◆ **How to complete this task**
Below are some records. Print exactly the lines between the one holding "2020년 2월 코로나19" and the one holding "Alegres pendientes de", inclusive, and nothing else.

---------- Data listing ----------

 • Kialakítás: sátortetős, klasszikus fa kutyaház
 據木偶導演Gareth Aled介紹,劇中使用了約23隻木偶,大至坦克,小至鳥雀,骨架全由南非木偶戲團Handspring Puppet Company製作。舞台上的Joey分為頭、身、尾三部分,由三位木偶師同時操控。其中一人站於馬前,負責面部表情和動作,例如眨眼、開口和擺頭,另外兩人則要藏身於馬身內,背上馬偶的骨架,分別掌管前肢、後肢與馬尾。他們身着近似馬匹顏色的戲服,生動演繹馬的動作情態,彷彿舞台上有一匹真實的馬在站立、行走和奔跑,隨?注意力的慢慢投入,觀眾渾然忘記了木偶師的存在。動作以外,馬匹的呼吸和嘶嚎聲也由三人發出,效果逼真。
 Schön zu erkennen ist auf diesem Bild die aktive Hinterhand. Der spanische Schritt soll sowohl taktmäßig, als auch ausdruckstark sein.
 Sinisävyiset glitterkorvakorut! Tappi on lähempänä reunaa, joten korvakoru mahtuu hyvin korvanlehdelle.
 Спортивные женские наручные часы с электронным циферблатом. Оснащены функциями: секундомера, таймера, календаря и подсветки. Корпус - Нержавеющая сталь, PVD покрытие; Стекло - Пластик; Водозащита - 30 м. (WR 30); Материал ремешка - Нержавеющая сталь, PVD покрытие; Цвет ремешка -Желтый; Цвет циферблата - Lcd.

----------
---------- Data listing ----------

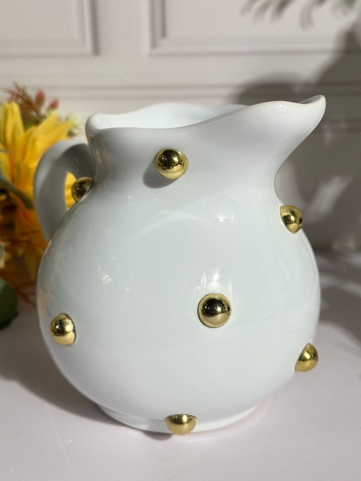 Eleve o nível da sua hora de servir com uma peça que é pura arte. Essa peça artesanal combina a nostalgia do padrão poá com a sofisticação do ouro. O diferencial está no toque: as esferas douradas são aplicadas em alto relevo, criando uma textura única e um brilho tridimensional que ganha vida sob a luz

----------
---------- Data listing ----------

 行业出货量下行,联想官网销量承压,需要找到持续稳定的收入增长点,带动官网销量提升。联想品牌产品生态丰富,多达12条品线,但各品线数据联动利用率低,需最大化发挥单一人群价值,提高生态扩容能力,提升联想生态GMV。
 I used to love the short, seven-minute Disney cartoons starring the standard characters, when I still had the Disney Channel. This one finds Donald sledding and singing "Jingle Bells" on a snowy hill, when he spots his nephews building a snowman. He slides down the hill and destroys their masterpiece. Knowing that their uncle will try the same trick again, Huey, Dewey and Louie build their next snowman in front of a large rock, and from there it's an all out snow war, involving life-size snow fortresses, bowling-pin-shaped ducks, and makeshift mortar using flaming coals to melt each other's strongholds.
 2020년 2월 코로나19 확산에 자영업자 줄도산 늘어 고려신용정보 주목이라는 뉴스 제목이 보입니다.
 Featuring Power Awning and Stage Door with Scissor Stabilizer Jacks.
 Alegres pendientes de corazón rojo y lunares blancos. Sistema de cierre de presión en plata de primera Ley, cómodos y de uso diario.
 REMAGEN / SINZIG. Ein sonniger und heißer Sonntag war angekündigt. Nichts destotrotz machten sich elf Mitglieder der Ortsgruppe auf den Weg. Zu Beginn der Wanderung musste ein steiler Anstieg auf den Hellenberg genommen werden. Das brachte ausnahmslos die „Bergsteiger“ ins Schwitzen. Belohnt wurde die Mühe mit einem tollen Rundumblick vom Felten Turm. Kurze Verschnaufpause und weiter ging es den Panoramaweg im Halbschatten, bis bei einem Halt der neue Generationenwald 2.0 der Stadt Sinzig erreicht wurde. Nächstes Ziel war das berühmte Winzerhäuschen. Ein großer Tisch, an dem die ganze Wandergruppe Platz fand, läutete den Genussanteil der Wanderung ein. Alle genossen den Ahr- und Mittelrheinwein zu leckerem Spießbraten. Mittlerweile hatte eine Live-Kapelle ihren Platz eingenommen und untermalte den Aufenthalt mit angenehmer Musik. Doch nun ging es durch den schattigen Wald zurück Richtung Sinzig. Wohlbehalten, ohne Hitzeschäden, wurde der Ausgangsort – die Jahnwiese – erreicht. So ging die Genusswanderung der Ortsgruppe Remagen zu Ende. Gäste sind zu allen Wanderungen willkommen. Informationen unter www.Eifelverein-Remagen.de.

----------

◆ **The answer**
 2020년 2월 코로나19 확산에 자영업자 줄도산 늘어 고려신용정보 주목이라는 뉴스 제목이 보입니다.
 Featuring Power Awning and Stage Door with Scissor Stabilizer Jacks.
 Alegres pendientes de corazón rojo y lunares blancos. Sistema de cierre de presión en plata de primera Ley, cómodos y de uso diario.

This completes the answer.